::: Records supplied
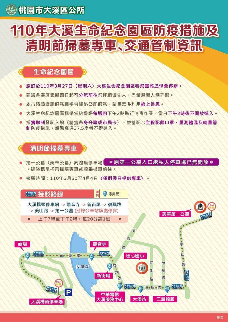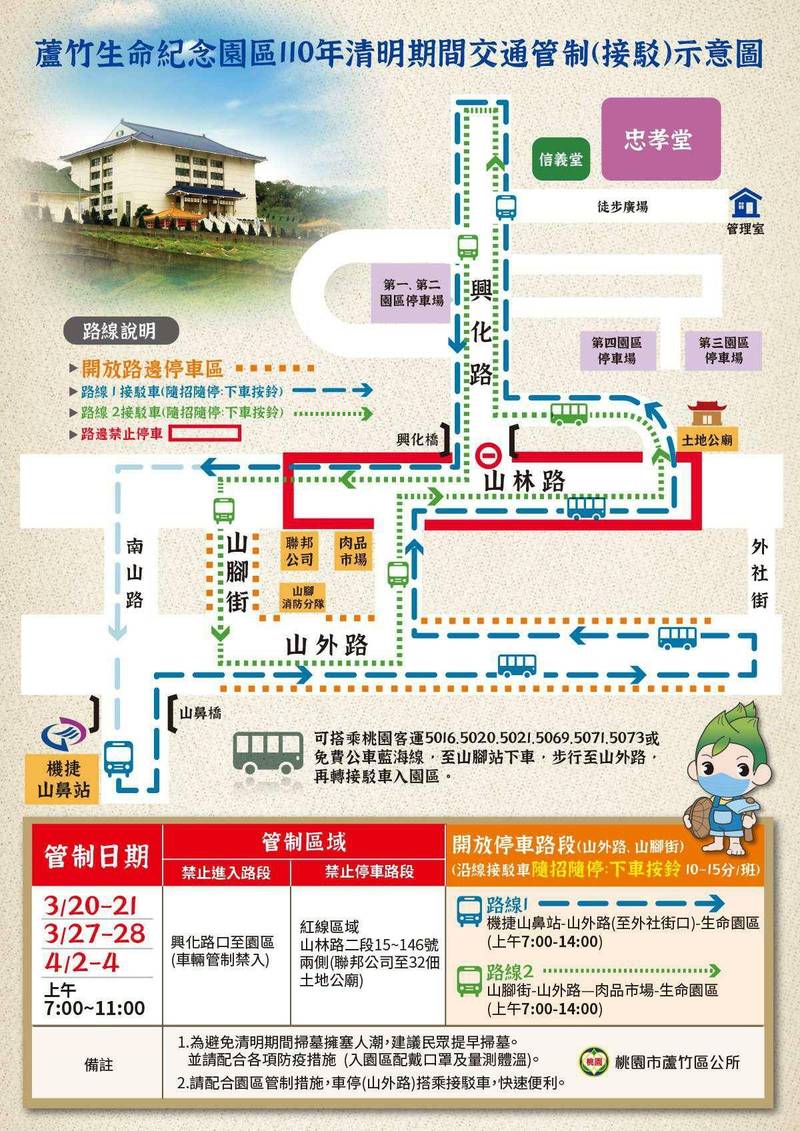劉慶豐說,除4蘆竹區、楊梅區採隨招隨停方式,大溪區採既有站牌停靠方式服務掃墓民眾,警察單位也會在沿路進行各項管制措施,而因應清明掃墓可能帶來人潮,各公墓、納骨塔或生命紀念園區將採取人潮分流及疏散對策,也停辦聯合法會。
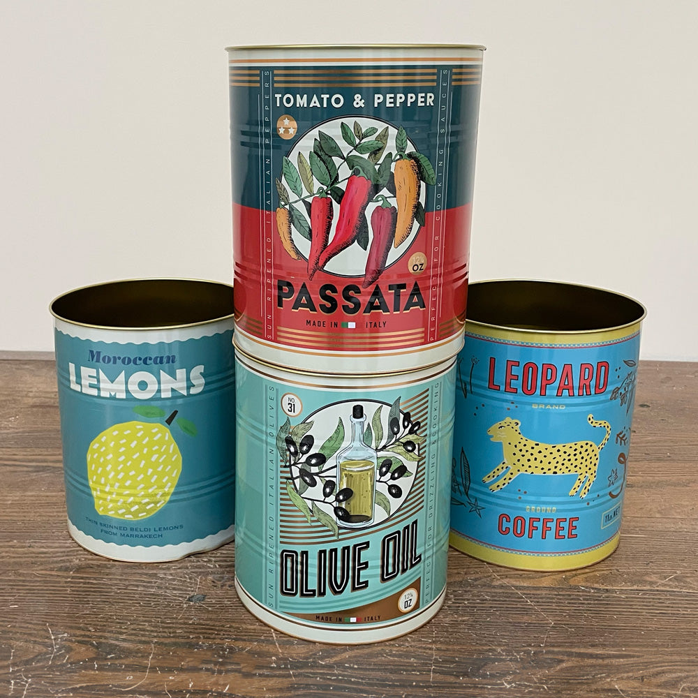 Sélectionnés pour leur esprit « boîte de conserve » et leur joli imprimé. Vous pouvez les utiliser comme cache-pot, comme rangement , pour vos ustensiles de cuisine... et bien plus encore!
::::::
::: Records supplied
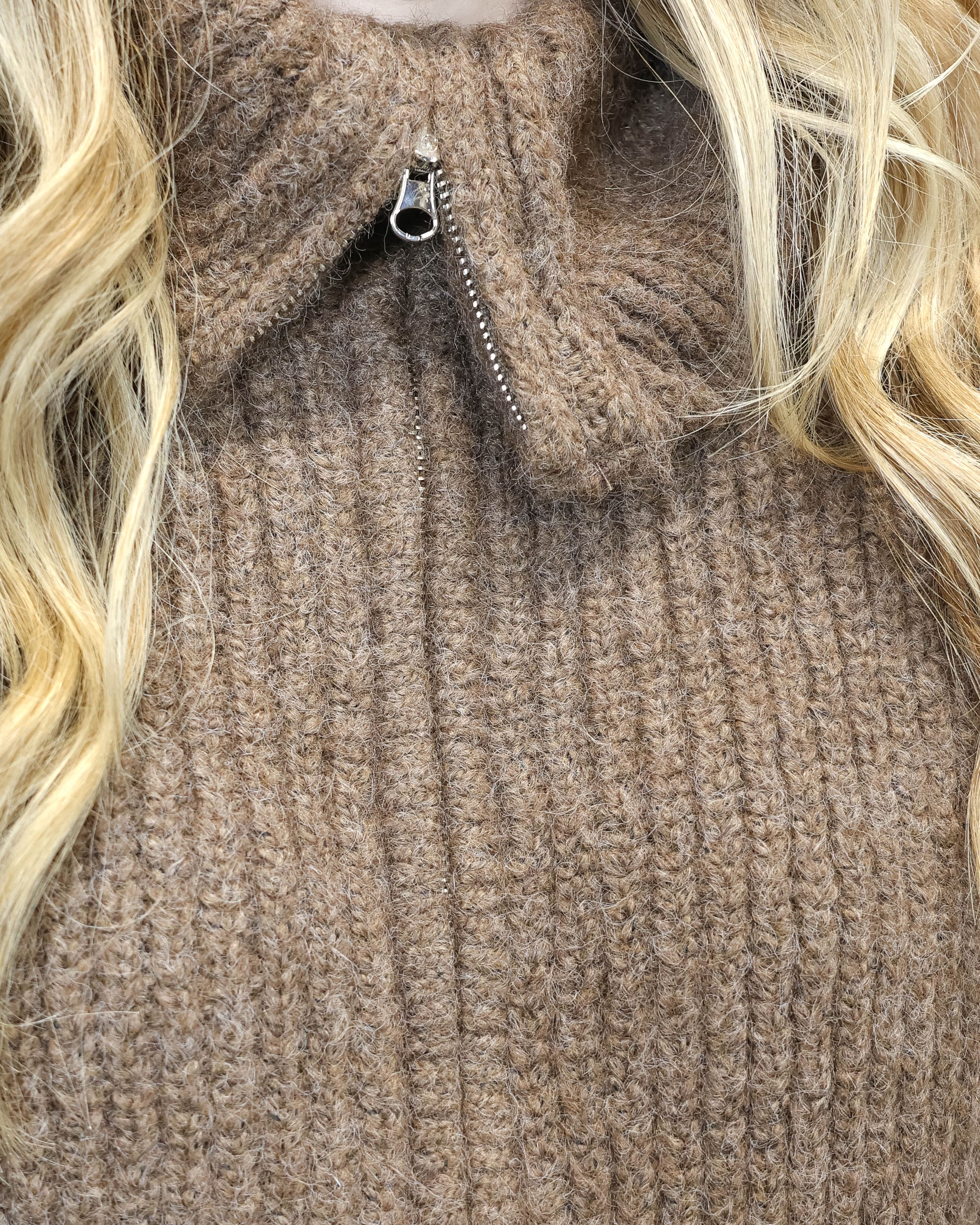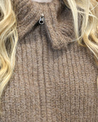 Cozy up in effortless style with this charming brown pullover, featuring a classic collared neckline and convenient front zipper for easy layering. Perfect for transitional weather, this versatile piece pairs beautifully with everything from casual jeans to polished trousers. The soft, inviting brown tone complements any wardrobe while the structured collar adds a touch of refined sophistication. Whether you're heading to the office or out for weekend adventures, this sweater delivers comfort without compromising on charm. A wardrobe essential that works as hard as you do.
::::::
__What you should do__
Your answer should consist of the lines above between those holding "劉慶豐說,除4蘆竹區、楊梅區" and "Sélectionnés pour leur", inclusive, reproduced word for word and without pictures.

__Result of this exercise__
劉慶豐說,除4蘆竹區、楊梅區採隨招隨停方式,大溪區採既有站牌停靠方式服務掃墓民眾,警察單位也會在沿路進行各項管制措施,而因應清明掃墓可能帶來人潮,各公墓、納骨塔或生命紀念園區將採取人潮分流及疏散對策,也停辦聯合法會。
 Sélectionnés pour leur esprit « boîte de conserve » et leur joli imprimé. Vous pouvez les utiliser comme cache-pot, comme rangement , pour vos ustensiles de cuisine... et bien plus encore!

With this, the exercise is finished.